Energies renouvelables : les biocarburants avancés stimulésPublié le 17 avril 2015 par Isabelle DELOURME

colzaPetit à petit l’idée fait son chemin. Le vote de la Commission de l’environnement du Parlement européen le 14 avril 2015 a largement soutenu le projet de réduction des émissions de gaz à effet de serre causées par l’utilisation croissante des terres agricoles (51 voix contre 12, avec une abstention).
Alors que la législation actuelle exige que les Etats-membres de l’UE veillent à ce que les énergies renouvelables représentent au moins 10 % de la consommation énergétique dans les transports d’ici 2020, le compromis qui vient d’être approuvé indique que les biocarburants de première génération (à partir de cultures sur les terres agricoles) ne devraient pas dépasser 7 % de la consommation énergétique finale dans les transports d’ici 2020.
Le projet prévoit l’obligation pour les fournisseurs de carburant d’indiquer aux pays de l’UE et à la Commission le niveau estimé des émissions causées par la libération de plus de terres pour produire les cultures vivrières nécessaires au moment où les terres sont passées à la production de biocarburants (changement indirect de l’affectation des sols (CIAS)).

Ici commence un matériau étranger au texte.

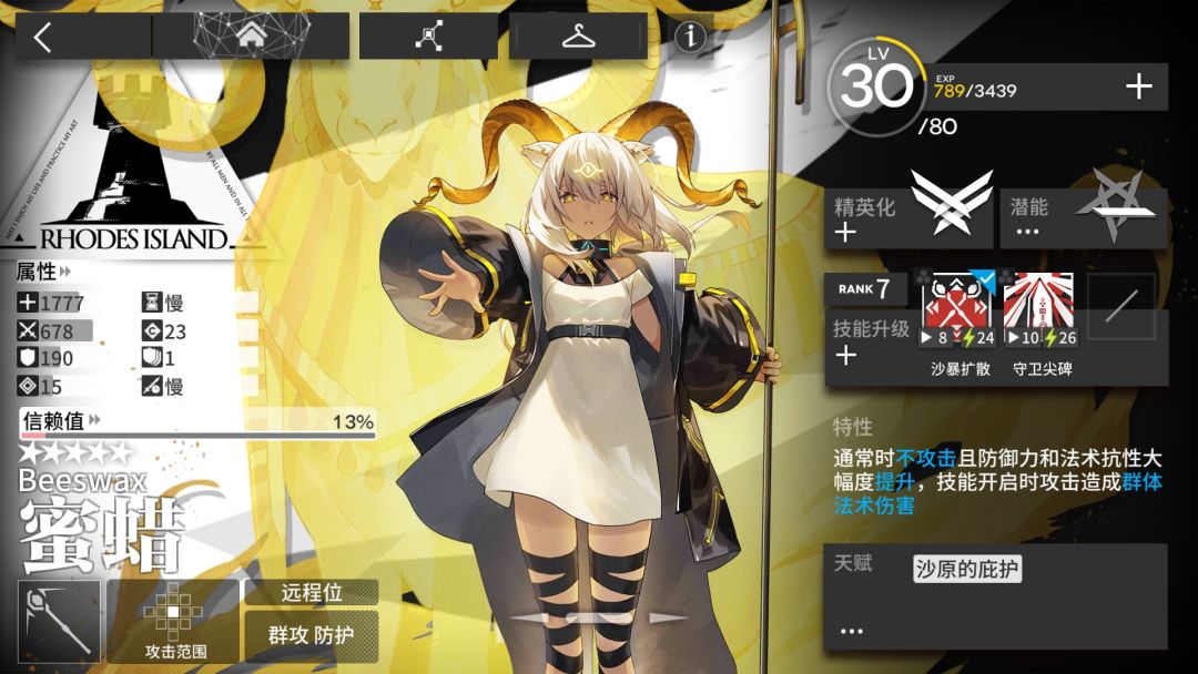 相比输出,蜜蜡更为亮眼的应该是她那夸张的防御力和法抗,在一些有弩箭的关卡,可以用蜜蜡抵挡弩箭在保护高台干员的同时兼顾部分输出,在闪灵等具有加防技能的干员配合下,蜜蜡可以从容的接下浮士德的紫箭。而输出方面相对来说没有特别突出,虽然失去了普攻,但蜜蜡的技能回转优秀只要把握好时间,输出不会比群法低。作为一个拥有新模板的术士,总体强度还算不错
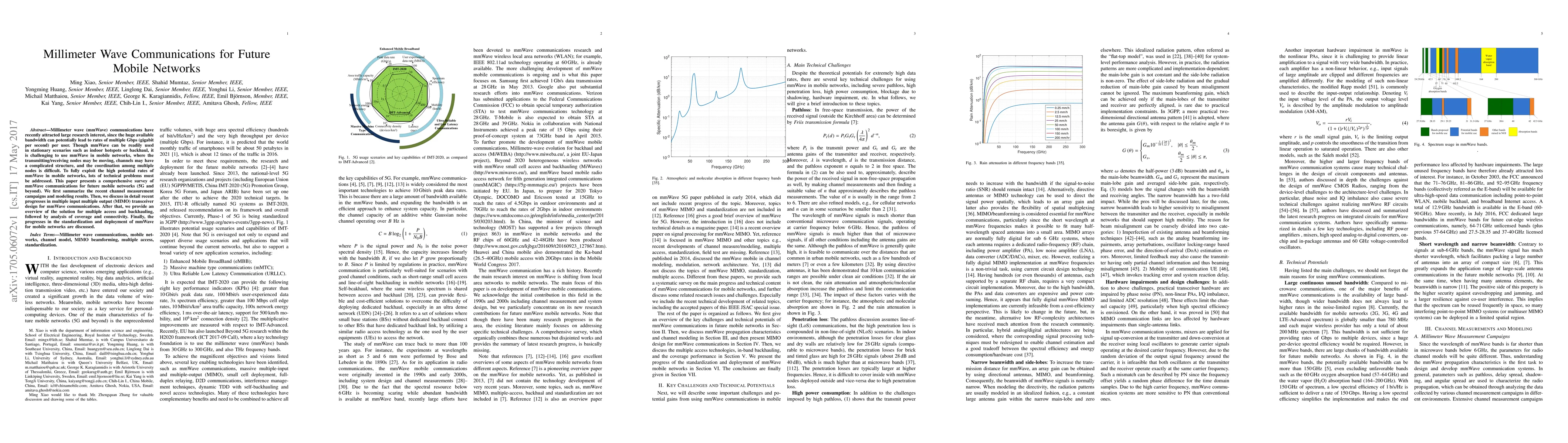 This paper provides a comprehensive survey on millimeter wave (mmWave) communications for future mobile networks, summarizing recent channel measurement results and multiple input multiple output (MIMO) transceiver design advancements. It also addresses challenges in multiple access, backhauling, coverage, and connectivity for mobile scenarios.

La Commission devrait ensuite signaler et publier ces données par rapport aux émissions liées au CIAS. Dans un second temps, la Commission devrait aviser le Parlement européen et le Conseil, en se basant sur les meilleures données scientifiques disponibles, à propos de la possibilité d’inclure des facteurs d’émission CIAS parmi les critères de durabilité existants.
Les États membres de l’UE devraient en outre fixer un objectif national, au plus tard 18 mois après l’entrée en vigueur de la directive, pour les biocarburants avancés, par exemple provenant de certains types de déchets et de résidus et de nouvelles sources telles que les algues.

Le projet législatif prévoit un objectif indicatif de 0,5 % pour la part d’énergie devant être produite à partir de biocarburants avancés comme un pourcentage de l’énergie provenant de sources renouvelables dans toutes les formes de transport d’ici 2020. Les États membres peuvent fixer un objectif inférieur pour certains motifs, tel qu’un potentiel limité pour la production, des contraintes techniques ou climatiques, ou l’existence de politiques nationales qui consacrent déjà un financement adapté à des mesures d’incitation en vue de renforcer l’efficacité énergétique et le transport électrique.
Ce texte sera soumis à un vote lors de la session plénière du Parlement européen du 27 au 30 avril prochain à Strasbourg. Ensuite cette législation devra être adoptée par les Etats-membres avant 2017.